We set the loss function $\mathcal{L}$ as a sum of energy and force mean squared errors (MSE). \[ \begin{equation} \label{eq:loss} \mathcal{L} = \mathcal{L}_{\text{energy}} + w_f \mathcal{L}_{\text{force}} \end{equation} \] \[ \begin{equation} \label{eq:loss-energy} \mathcal{L}_{\text{energy}} = \frac{1}{|\mathcal{D}|}\sum_{\mathbf{x}, V\in\mathcal{D}} \frac{1}{2} \left\| V_{\text{NN-MPO}}(\mathbf{x}) - V \right\|^2 \end{equation} \] \[ \begin{align} \label{eq:loss-force} \mathcal{L}_{\text{force}} &= \frac{1}{|\mathcal{D}|}\sum_{\mathbf{x}, \mathbf{F}\in\mathcal{D}} \frac{1}{2} \left\| - \frac{\partial V_{\text{NN-MPO}}(\mathbf{x})}{\partial \mathbf{x}} - \mathbf{F} \right\|^2 \\ &= \frac{1}{|\mathcal{D}|}\sum_{\mathbf{x}, \mathbf{F}\in\mathcal{D}} \frac{1}{2} \left\| - \frac{\partial \tilde{V}_{\text{NN-MPO}}(\mathbf{q})}{\partial \mathbf{q}} - \mathbf{F}U \right\|^2 \end{align} \] The gradient of $w_{\rho_i}^{(i)}, b_{\rho_i}^{(i)}$ and $U$ to the loss function $\mathcal{L}$ can be evaluated by the automatic differentiation facilitated by the deep learning framework.

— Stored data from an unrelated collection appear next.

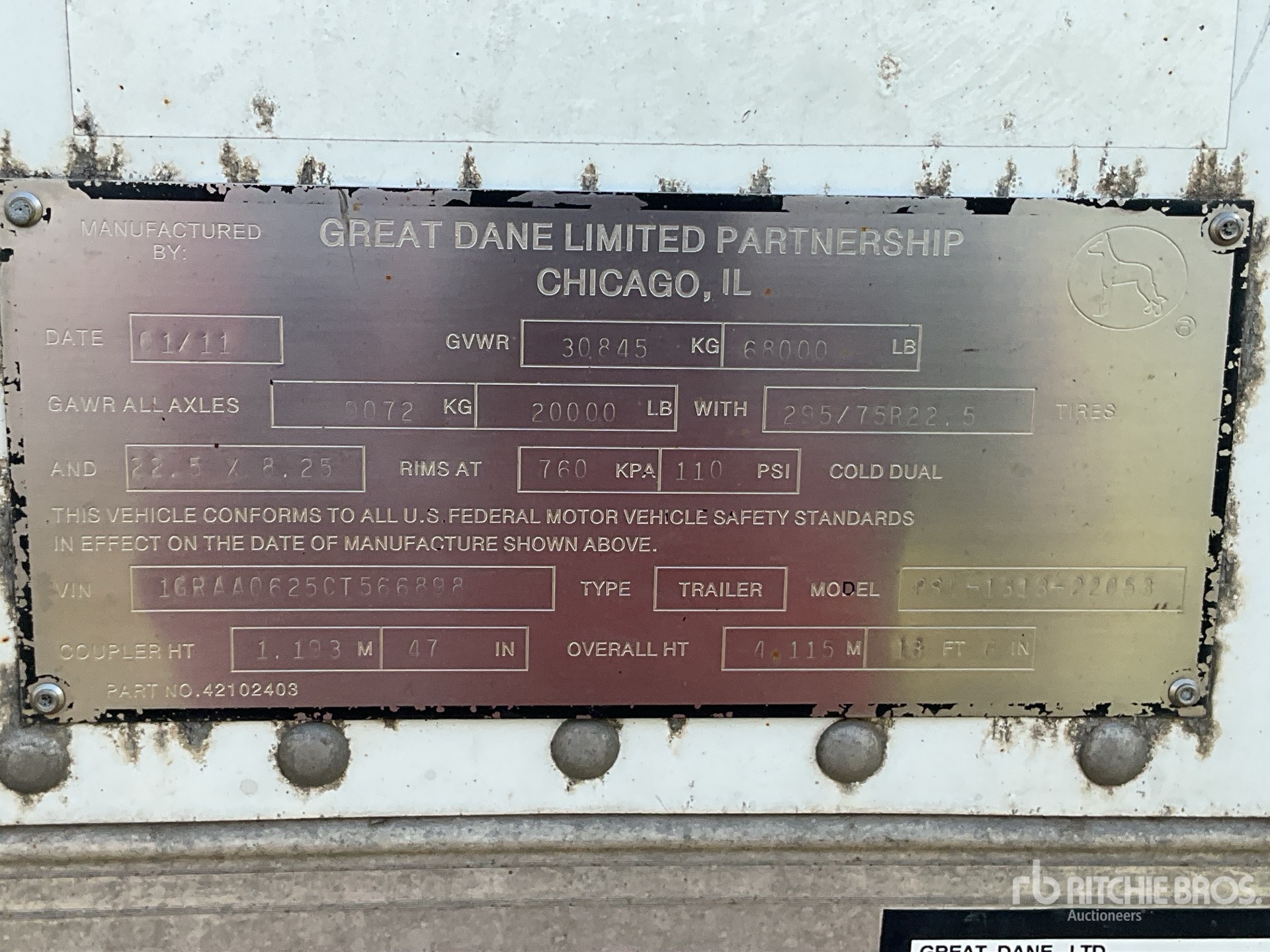 The detailed equipment information is limited in scope, and Ritchie Bros. Auctioneers has not inspected any aspects or components of the equipment other than those expressly set forth herein. Unless expressly stated, we make no representations or warranties, express or implied, concerning the equipment or its components, including without limitation any representations or warranties concerning functionality, conformity or compliance with any safety standard or requirement of any applicable authority or regulatory body, fitness for any particular purpose, or merchantability. You are strongly advised to perform your own detailed inspection of the equipment prior to bidding.
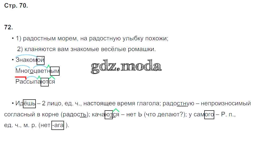 ГДЗ решение к заданию № 70 Русский язык 4 класс рабочая тетрадь Песняева Н.А. Просвещение 2017 Часть 1, Часть 2 ФГОС бесплатно на гдз.мода!
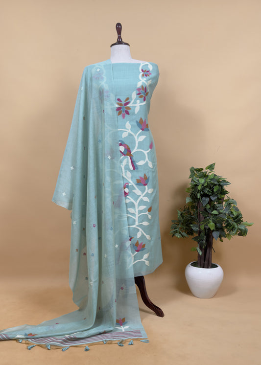 Mehandi Green Kantha Embroidered Unstitched Suit In Handloom Tussar Silk
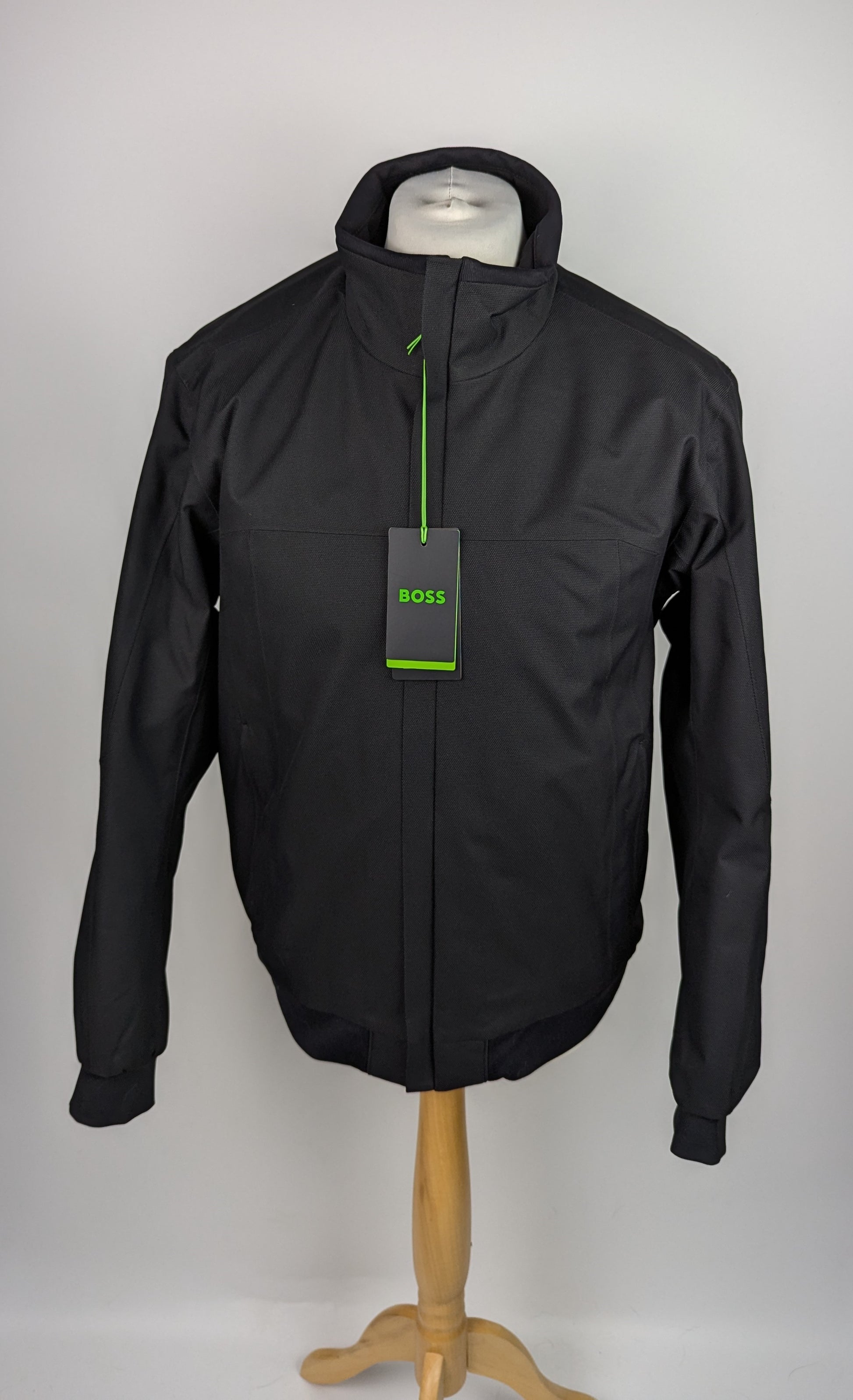 The BOSS J_Jord Mens Jacket in Black features a full zip fastening and two zipped pockets for secure storage. It also has a funnel neck and additional side pockets adorned with the recognizable Boss logo. Fleece lined on the inner at the back. Made from 100% polyester, this jacket is both stylish and practical.

In our implementation, JAX library was used. These parameters are updated by the Adam optimizer. In addition, we used QR decomposition to retract $U$ onto the Stiefel manifold to keep the orthogonality for each step. We referred to the Riemannian Adam optimization algorithm in geoopt library.

TT-optimization is complicated, we leave the details in the manuscript. The sweep optimization is implemented in the Sweeper.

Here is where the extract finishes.